DEBUG commands defined in DAT strings
A question came up in the March 16th P2 discussion as to whether or not you could store DEBUG statements in DAT strings rather than hard-coded statements. Turns out the answer is Yes, but I've found some limitations with this method using both PNut_v35j and PropTool 2.5.3
I've attached an example Spin2 program using DEBUG SCOPE commands that I used for these experiments. I've documented in the Spin2 file the exceptions I've found when using DAT strings to hold the DEBUG statements/definitions. The following screenshot shows that there are a few DEBUG commands that don't expand correctly. See the softScope debug text output example in the image below, it shows the un-expanded commands:
jonnymac also recently submitted another example of using DAT strings to hold DEBUG PLOT statements/definitions.
Comments
Yeah, it only works for literal strings. You'd have to do your own variable-to-number-string conversions.
As the question came from me, I feel free to use this thread. Just let me know if you have other plans for the thread. (Especialy because I also would like to see some trouble to get shooted in the stuff I attached).

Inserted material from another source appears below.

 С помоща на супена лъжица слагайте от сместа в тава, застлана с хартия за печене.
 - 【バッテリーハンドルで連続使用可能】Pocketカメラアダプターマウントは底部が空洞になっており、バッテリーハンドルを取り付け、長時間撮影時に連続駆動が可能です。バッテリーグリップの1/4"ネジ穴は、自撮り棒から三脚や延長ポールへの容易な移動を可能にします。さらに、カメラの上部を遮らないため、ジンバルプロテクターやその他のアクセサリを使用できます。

So, the idea was to have a general purpose object, which can easily be reused in different projects. The code I attached only shows a draft, which kind of works and gives a rough picture of what I am thinking of.

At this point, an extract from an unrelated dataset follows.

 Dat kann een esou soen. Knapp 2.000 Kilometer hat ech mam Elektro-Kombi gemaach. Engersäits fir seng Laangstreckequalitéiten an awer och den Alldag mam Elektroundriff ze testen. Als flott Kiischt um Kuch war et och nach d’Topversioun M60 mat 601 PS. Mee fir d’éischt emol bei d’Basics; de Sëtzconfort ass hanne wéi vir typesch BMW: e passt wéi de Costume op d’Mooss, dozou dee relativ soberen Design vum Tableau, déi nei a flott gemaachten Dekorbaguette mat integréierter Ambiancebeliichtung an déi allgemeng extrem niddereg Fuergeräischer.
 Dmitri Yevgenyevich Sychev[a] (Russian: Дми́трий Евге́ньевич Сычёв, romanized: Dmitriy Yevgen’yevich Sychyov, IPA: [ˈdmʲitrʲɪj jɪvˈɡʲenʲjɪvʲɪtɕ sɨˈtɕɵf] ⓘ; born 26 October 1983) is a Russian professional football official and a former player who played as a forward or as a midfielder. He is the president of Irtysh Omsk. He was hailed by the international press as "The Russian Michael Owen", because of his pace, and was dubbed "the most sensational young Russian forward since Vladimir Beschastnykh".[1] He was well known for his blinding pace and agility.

In my first try I simply used debug( @buffer ) because I had a demo running which enclosed the debug-string in some double quotes and the double quote thing ran, the @buffer thing of course did not.

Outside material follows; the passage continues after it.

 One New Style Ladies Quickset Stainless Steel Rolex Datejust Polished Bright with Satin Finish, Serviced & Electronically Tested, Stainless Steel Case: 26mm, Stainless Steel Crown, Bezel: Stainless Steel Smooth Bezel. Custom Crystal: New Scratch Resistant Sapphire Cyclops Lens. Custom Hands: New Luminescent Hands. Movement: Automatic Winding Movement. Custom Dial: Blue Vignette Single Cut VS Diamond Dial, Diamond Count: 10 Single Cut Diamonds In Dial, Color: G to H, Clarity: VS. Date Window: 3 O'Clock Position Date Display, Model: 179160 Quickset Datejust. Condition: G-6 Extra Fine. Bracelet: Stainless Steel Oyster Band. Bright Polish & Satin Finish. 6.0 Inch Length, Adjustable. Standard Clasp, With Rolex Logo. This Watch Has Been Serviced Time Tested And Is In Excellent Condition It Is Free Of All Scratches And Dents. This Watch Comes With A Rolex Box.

So, the missing link I've learned about yesterday was the ZSTR_ with the underscore. Sometimes things are burried so deep inside of the documents ;o) and those heads-ups are needed.
Of course the inline PASM which reads the samples needs to become much more clever to be worth a generalization.
What does not work at the end of this day is, that the sample() produces more than one sample. The main program actually loops over 52 different values and waits a while between each byte. The sample throws a lot of debug output, but it always seems to be the same no matter what I try. And I would even expect it to wait until next trigger occurs.
The demo code currently uses Pins 8 to 11 as output, so change it if that conflicts with some hardware you attached there.
Open questions:
Why? does it only work once
Is the way of reading INA valid in case that Smart-Pins are used by the main program? Is INA a register that is available in each COG and can it be used for nomal pin state reading in one COG, whereas it is the Smart-Pin-Flag with a different meaning in another COG?